Вертолет загружался заключенными прямо во дворе тюрьмы. Сказать, что это люди, было уже нельзя, поскольку после многочасовых пыток многие из них не могли самостоятельно передвигаться (из-за переломанных рук и ног). Вертолет поднимался на небольшую высоту и улетал в сторону хребта, что был за рекой Аргандаб. Там заключенных выталкивали из вертолета, и они разбивались о скалы. Шакалы со всей кандагарской округи долго еще пировали в том месте. А вертолетчик потом немного тронулся рассудком, но это не помешало ему стать хорошим моджахедом...

Абдулла сосредоточился на чаепитии. Джилани тоже молчал. Что он мог сказать, когда исправно служил той самой госвласти, против которой упорно воевал его брат Абдулла?..

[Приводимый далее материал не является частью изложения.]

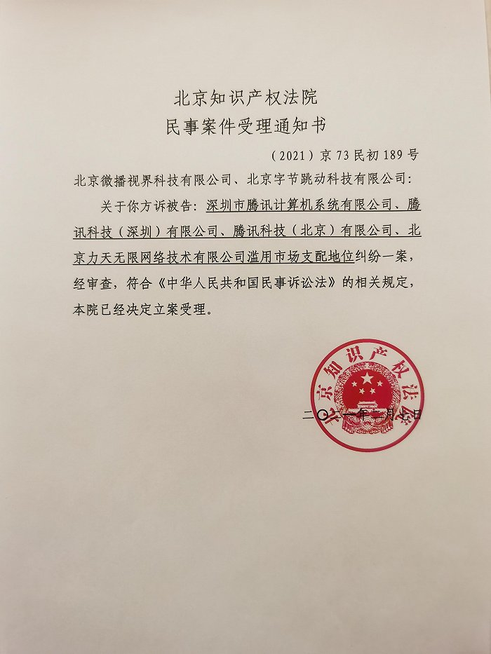 原标题:抖音诉腾讯最新进展:互联网平台反垄断第一案正式立案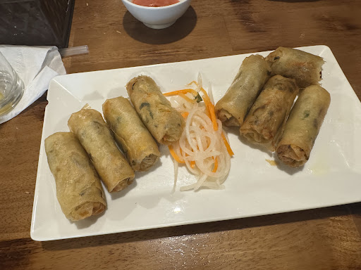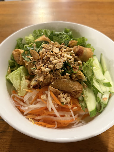 The menu offers a wide variety of dishes, including several vegan options. The vegan pho was out of this world, and the summer rolls were another highlight. It’s honestly the best and most authentic Vietnamese food we’ve had. Because we came so often, the lovely ladies even surprised us with a free tea.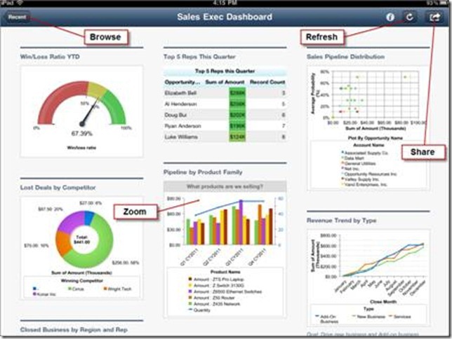 At Dreamforce’11, one of the applications launched was an iPad app, to allow iPad users to view and refresh email dashboards. Marc Benioff tweeted the news out on the Sunday before Dreamforce’11: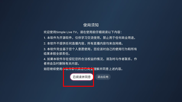 本站下载安装Simple Live TV电视端,点击同意隐私权限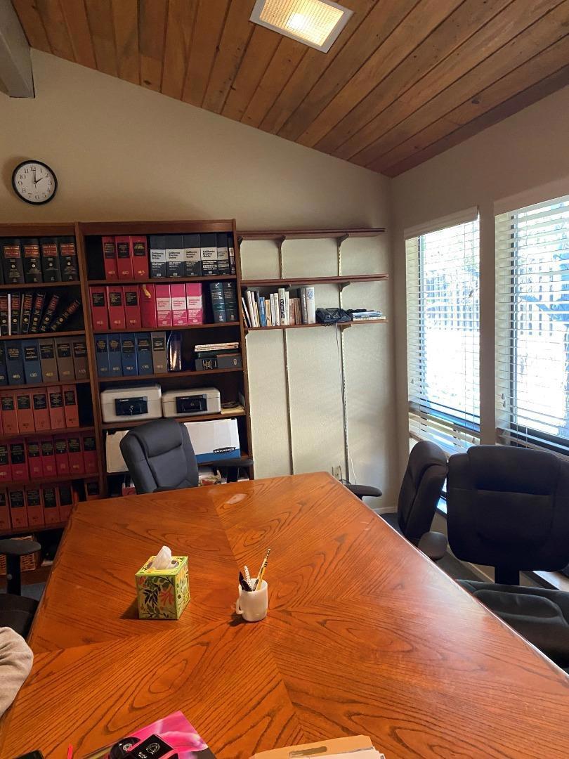 Professional stand-alone office building on Scotts Valley Drive. Large central shared space perfect for administrative staff or co-work set up with four adjacent private offices and large conference room. Deck access from each office. Entrance with seated waiting/reception area. Two private bathrooms, one with shower, and kitchen. New HVAC system and private driveway and parking w/ ADA accessibility. Will consider sale of office furniture with the property.

- Скажи, Абдулла, а как ты попал... - я чуть было не произнес "в банду", но осекся. - Как ты попал в "зеленку" и стал командиром отряда?

Абдулла криво усмехнулся.

- А что ты, мошавер, подразумеваешь под словом "зеленка"? Для вас шурави "зеленка" это весь Афганистан, потому что вы не можете разобрать, где враги, а где простые крестьяне с их семьями, женами и детьми, которые к этой войне не имеют ни малейшего отношения. В чем они провинились перед Аллахом и перед теми, кто начал эту братоубийственную войну?..

Абдулла сказал это с таким выражением лица, что мне стало не по себе.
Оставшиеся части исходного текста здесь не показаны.